- Aim of the exercise
Your task is to repeat the entries below exactly and to leave their images out.

(Dataset excerpts Opens)

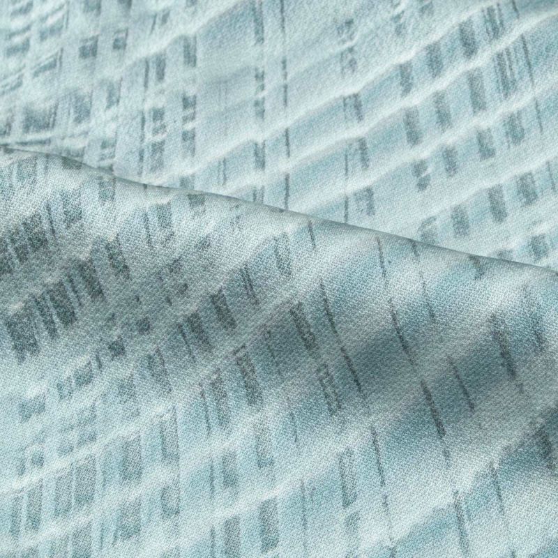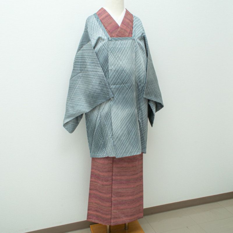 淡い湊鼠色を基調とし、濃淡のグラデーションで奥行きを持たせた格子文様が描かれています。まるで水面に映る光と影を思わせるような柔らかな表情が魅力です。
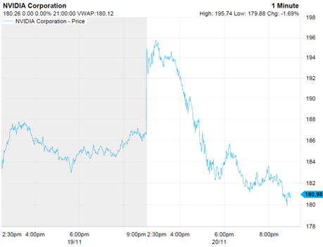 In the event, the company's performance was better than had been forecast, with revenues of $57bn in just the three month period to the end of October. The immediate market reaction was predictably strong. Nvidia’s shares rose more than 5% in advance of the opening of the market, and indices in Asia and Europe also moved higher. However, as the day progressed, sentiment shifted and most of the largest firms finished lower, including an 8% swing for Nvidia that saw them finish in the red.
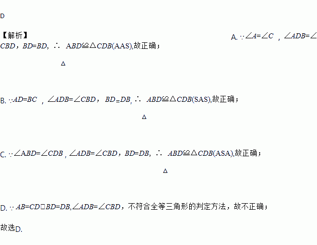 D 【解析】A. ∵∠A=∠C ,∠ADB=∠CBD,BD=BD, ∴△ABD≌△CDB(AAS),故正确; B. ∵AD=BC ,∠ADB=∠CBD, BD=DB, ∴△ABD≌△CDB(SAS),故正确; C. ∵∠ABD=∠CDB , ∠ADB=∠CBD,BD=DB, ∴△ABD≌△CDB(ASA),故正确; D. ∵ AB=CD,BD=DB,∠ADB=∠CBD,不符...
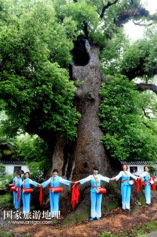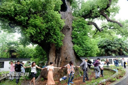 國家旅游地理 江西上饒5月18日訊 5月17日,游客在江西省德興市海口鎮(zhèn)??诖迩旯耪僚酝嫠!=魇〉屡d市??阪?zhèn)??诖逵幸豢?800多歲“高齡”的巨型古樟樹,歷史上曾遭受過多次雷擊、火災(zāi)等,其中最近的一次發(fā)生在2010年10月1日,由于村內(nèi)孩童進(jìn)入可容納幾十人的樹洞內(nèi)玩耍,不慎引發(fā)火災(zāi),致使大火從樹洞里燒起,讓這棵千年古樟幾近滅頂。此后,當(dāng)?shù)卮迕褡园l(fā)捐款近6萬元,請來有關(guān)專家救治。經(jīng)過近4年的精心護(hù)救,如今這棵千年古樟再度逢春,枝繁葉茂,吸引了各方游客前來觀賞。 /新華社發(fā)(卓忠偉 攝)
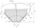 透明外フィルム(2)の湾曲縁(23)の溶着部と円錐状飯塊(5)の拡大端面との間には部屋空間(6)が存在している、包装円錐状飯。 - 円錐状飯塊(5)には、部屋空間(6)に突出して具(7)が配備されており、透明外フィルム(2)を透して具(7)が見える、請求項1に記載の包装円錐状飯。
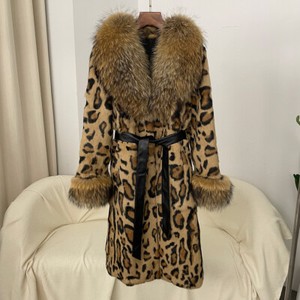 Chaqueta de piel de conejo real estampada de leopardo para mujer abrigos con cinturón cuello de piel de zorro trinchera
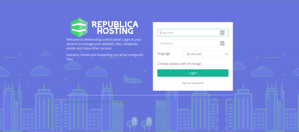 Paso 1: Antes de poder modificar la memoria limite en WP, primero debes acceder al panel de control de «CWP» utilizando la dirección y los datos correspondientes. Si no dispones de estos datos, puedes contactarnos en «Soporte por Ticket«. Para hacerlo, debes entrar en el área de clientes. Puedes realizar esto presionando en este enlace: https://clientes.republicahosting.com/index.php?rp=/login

(Dataset excerpts Closes)

- Exercise solution
 淡い湊鼠色を基調とし、濃淡のグラデーションで奥行きを持たせた格子文様が描かれています。まるで水面に映る光と影を思わせるような柔らかな表情が魅力です。
 In the event, the company's performance was better than had been forecast, with revenues of $57bn in just the three month period to the end of October. The immediate market reaction was predictably strong. Nvidia’s shares rose more than 5% in advance of the opening of the market, and indices in Asia and Europe also moved higher. However, as the day progressed, sentiment shifted and most of the largest firms finished lower, including an 8% swing for Nvidia that saw them finish in the red.
 D 【解析】A. ∵∠A=∠C ,∠ADB=∠CBD,BD=BD, ∴△ABD≌△CDB(AAS),故正确; B. ∵AD=BC ,∠ADB=∠CBD, BD=DB, ∴△ABD≌△CDB(SAS),故正确; C. ∵∠ABD=∠CDB , ∠ADB=∠CBD,BD=DB, ∴△ABD≌△CDB(ASA),故正确; D. ∵ AB=CD,BD=DB,∠ADB=∠CBD,不符...
 國家旅游地理 江西上饒5月18日訊 5月17日,游客在江西省德興市海口鎮(zhèn)??诖迩旯耪僚酝嫠!=魇〉屡d市??阪?zhèn)??诖逵幸豢?800多歲“高齡”的巨型古樟樹,歷史上曾遭受過多次雷擊、火災(zāi)等,其中最近的一次發(fā)生在2010年10月1日,由于村內(nèi)孩童進(jìn)入可容納幾十人的樹洞內(nèi)玩耍,不慎引發(fā)火災(zāi),致使大火從樹洞里燒起,讓這棵千年古樟幾近滅頂。此后,當(dāng)?shù)卮迕褡园l(fā)捐款近6萬元,請來有關(guān)專家救治。經(jīng)過近4年的精心護(hù)救,如今這棵千年古樟再度逢春,枝繁葉茂,吸引了各方游客前來觀賞。 /新華社發(fā)(卓忠偉 攝)
 透明外フィルム(2)の湾曲縁(23)の溶着部と円錐状飯塊(5)の拡大端面との間には部屋空間(6)が存在している、包装円錐状飯。 - 円錐状飯塊(5)には、部屋空間(6)に突出して具(7)が配備されており、透明外フィルム(2)を透して具(7)が見える、請求項1に記載の包装円錐状飯。
 Chaqueta de piel de conejo real estampada de leopardo para mujer abrigos con cinturón cuello de piel de zorro trinchera
 Paso 1: Antes de poder modificar la memoria limite en WP, primero debes acceder al panel de control de «CWP» utilizando la dirección y los datos correspondientes. Si no dispones de estos datos, puedes contactarnos en «Soporte por Ticket«. Para hacerlo, debes entrar en el área de clientes. Puedes realizar esto presionando en este enlace: https://clientes.republicahosting.com/index.php?rp=/login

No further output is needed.